'''

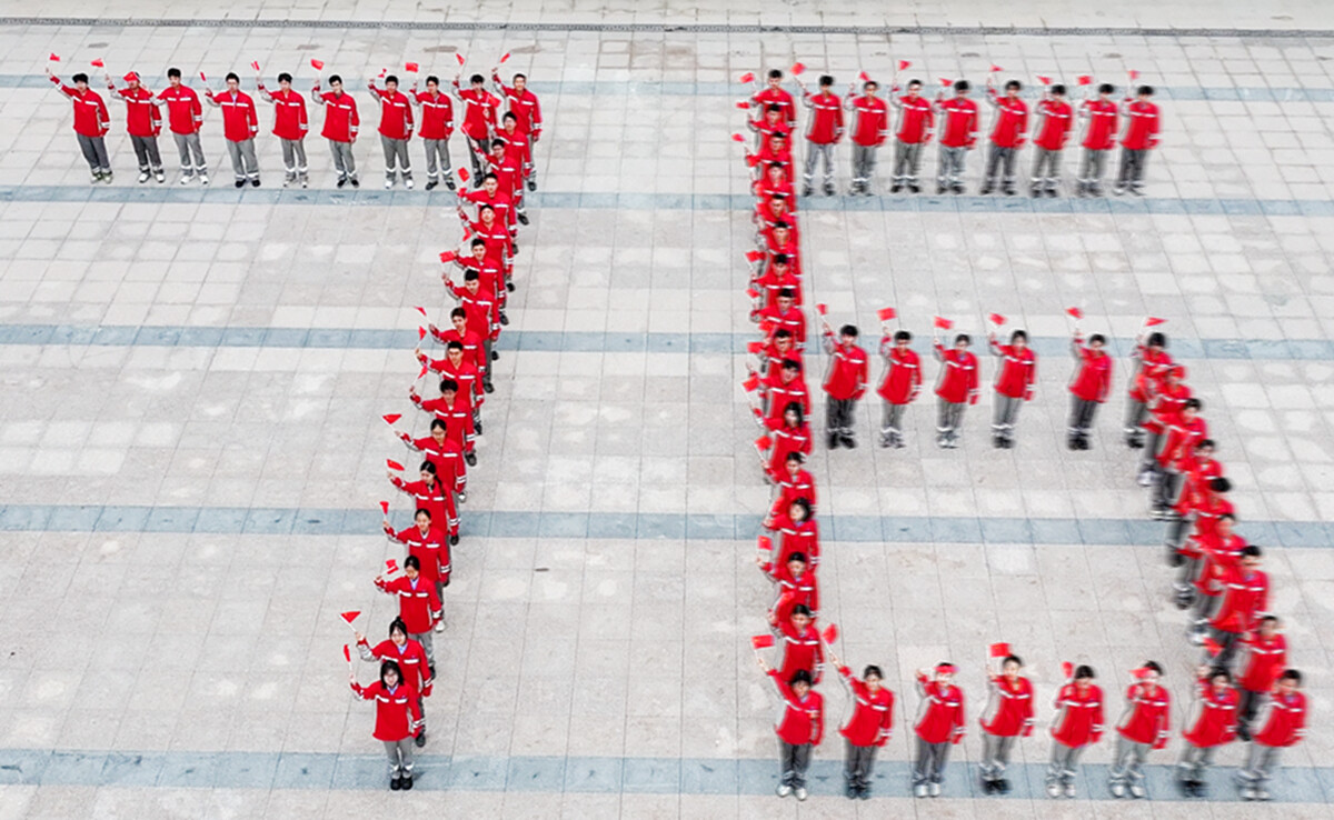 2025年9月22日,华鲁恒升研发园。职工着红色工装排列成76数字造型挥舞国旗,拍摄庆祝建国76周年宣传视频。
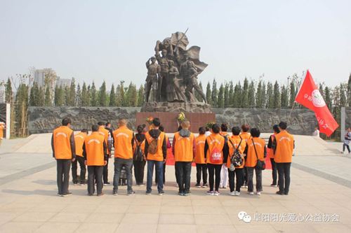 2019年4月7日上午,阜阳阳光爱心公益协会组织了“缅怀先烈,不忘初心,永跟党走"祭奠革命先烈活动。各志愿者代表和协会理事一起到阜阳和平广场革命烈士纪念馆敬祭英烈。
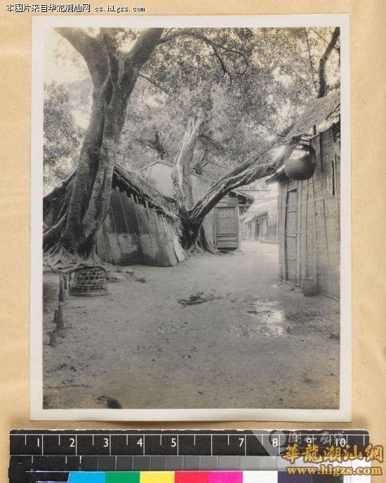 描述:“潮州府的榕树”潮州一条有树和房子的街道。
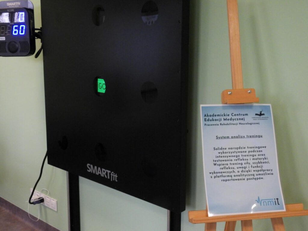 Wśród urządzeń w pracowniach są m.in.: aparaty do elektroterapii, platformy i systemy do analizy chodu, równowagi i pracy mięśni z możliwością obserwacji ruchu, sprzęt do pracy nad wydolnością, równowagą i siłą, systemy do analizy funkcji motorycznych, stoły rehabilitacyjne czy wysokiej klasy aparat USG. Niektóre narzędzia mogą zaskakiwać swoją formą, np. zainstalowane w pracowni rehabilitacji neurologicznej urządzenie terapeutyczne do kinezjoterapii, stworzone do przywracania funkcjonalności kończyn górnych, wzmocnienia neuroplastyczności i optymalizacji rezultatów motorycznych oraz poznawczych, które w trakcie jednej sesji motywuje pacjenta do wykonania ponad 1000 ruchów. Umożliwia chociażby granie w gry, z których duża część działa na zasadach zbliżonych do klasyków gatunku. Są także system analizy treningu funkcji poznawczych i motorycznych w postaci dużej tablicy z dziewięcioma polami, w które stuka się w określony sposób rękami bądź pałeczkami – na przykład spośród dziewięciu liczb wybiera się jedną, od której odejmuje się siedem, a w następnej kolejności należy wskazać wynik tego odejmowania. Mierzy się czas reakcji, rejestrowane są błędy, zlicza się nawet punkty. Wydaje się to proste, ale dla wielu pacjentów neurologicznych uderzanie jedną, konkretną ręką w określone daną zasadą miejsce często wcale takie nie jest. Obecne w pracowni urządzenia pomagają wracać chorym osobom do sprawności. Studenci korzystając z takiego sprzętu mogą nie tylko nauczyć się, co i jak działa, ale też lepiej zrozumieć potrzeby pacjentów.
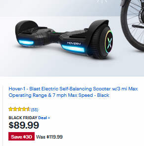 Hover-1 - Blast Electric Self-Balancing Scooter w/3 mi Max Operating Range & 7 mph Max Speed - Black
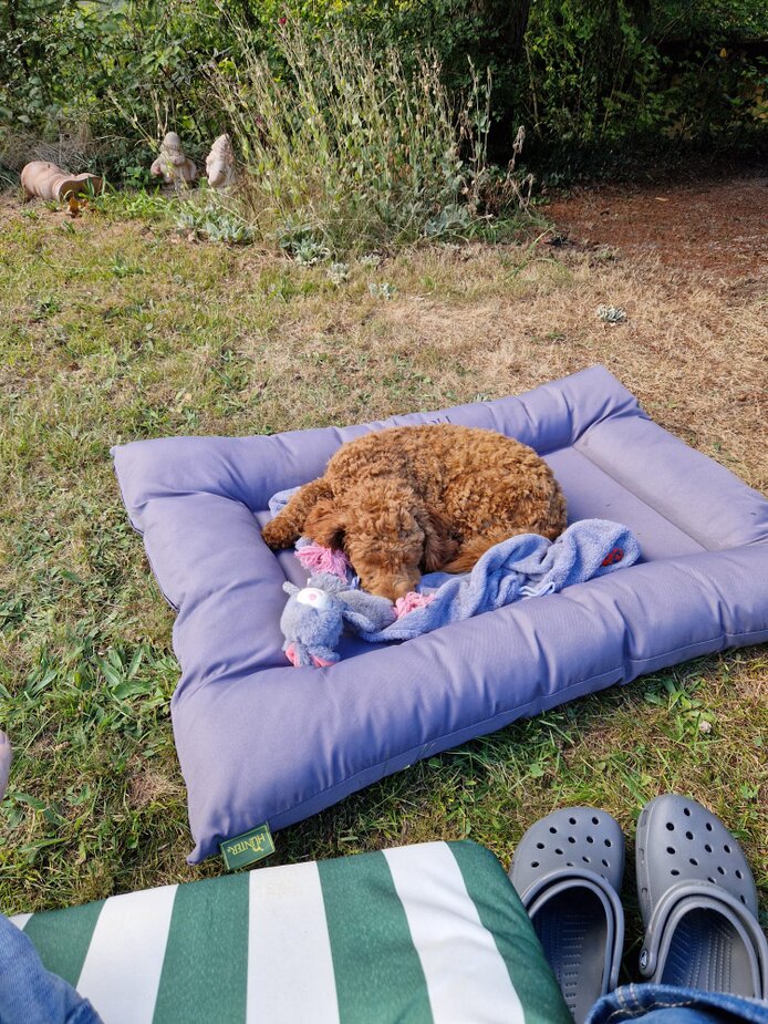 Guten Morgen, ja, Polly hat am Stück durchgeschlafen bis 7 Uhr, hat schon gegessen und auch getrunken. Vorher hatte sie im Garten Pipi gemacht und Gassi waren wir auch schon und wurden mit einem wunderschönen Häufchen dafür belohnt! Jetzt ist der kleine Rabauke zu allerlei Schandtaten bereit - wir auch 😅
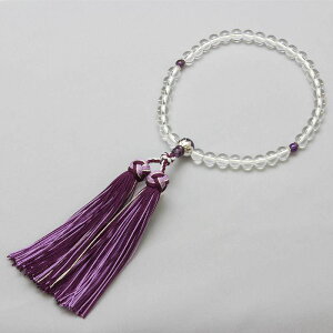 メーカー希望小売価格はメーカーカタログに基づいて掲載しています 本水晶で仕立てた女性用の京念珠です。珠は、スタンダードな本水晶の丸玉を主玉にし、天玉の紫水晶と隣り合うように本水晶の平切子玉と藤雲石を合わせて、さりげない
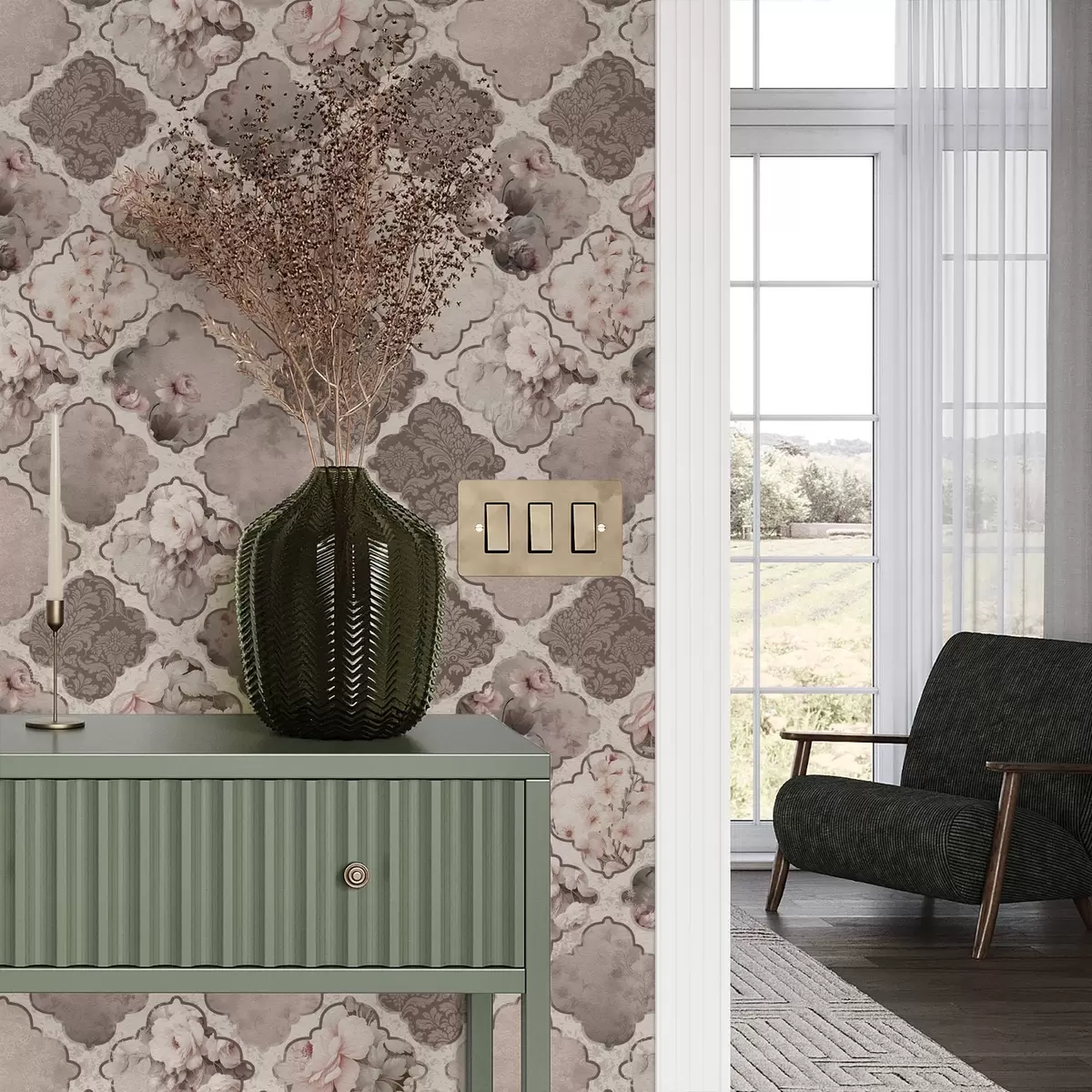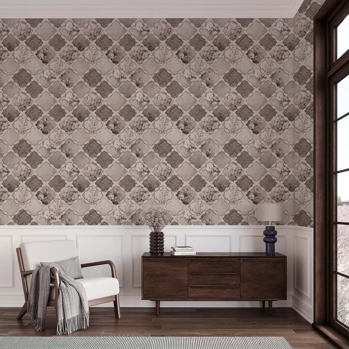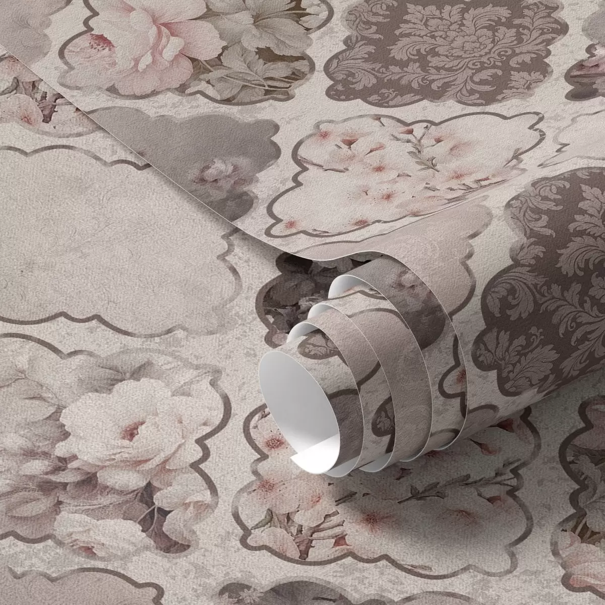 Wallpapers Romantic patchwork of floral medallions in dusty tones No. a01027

'''

**TASK DETAILS**
Could you return the whole listing exactly, with every picture removed?

**OUTPUT BELOW**
 2025年9月22日,华鲁恒升研发园。职工着红色工装排列成76数字造型挥舞国旗,拍摄庆祝建国76周年宣传视频。
 2019年4月7日上午,阜阳阳光爱心公益协会组织了“缅怀先烈,不忘初心,永跟党走"祭奠革命先烈活动。各志愿者代表和协会理事一起到阜阳和平广场革命烈士纪念馆敬祭英烈。
 描述:“潮州府的榕树”潮州一条有树和房子的街道。
 Wśród urządzeń w pracowniach są m.in.: aparaty do elektroterapii, platformy i systemy do analizy chodu, równowagi i pracy mięśni z możliwością obserwacji ruchu, sprzęt do pracy nad wydolnością, równowagą i siłą, systemy do analizy funkcji motorycznych, stoły rehabilitacyjne czy wysokiej klasy aparat USG. Niektóre narzędzia mogą zaskakiwać swoją formą, np. zainstalowane w pracowni rehabilitacji neurologicznej urządzenie terapeutyczne do kinezjoterapii, stworzone do przywracania funkcjonalności kończyn górnych, wzmocnienia neuroplastyczności i optymalizacji rezultatów motorycznych oraz poznawczych, które w trakcie jednej sesji motywuje pacjenta do wykonania ponad 1000 ruchów. Umożliwia chociażby granie w gry, z których duża część działa na zasadach zbliżonych do klasyków gatunku. Są także system analizy treningu funkcji poznawczych i motorycznych w postaci dużej tablicy z dziewięcioma polami, w które stuka się w określony sposób rękami bądź pałeczkami – na przykład spośród dziewięciu liczb wybiera się jedną, od której odejmuje się siedem, a w następnej kolejności należy wskazać wynik tego odejmowania. Mierzy się czas reakcji, rejestrowane są błędy, zlicza się nawet punkty. Wydaje się to proste, ale dla wielu pacjentów neurologicznych uderzanie jedną, konkretną ręką w określone daną zasadą miejsce często wcale takie nie jest. Obecne w pracowni urządzenia pomagają wracać chorym osobom do sprawności. Studenci korzystając z takiego sprzętu mogą nie tylko nauczyć się, co i jak działa, ale też lepiej zrozumieć potrzeby pacjentów.
 Hover-1 - Blast Electric Self-Balancing Scooter w/3 mi Max Operating Range & 7 mph Max Speed - Black
 Guten Morgen, ja, Polly hat am Stück durchgeschlafen bis 7 Uhr, hat schon gegessen und auch getrunken. Vorher hatte sie im Garten Pipi gemacht und Gassi waren wir auch schon und wurden mit einem wunderschönen Häufchen dafür belohnt! Jetzt ist der kleine Rabauke zu allerlei Schandtaten bereit - wir auch 😅
 メーカー希望小売価格はメーカーカタログに基づいて掲載しています 本水晶で仕立てた女性用の京念珠です。珠は、スタンダードな本水晶の丸玉を主玉にし、天玉の紫水晶と隣り合うように本水晶の平切子玉と藤雲石を合わせて、さりげない
 Wallpapers Romantic patchwork of floral medallions in dusty tones No. a01027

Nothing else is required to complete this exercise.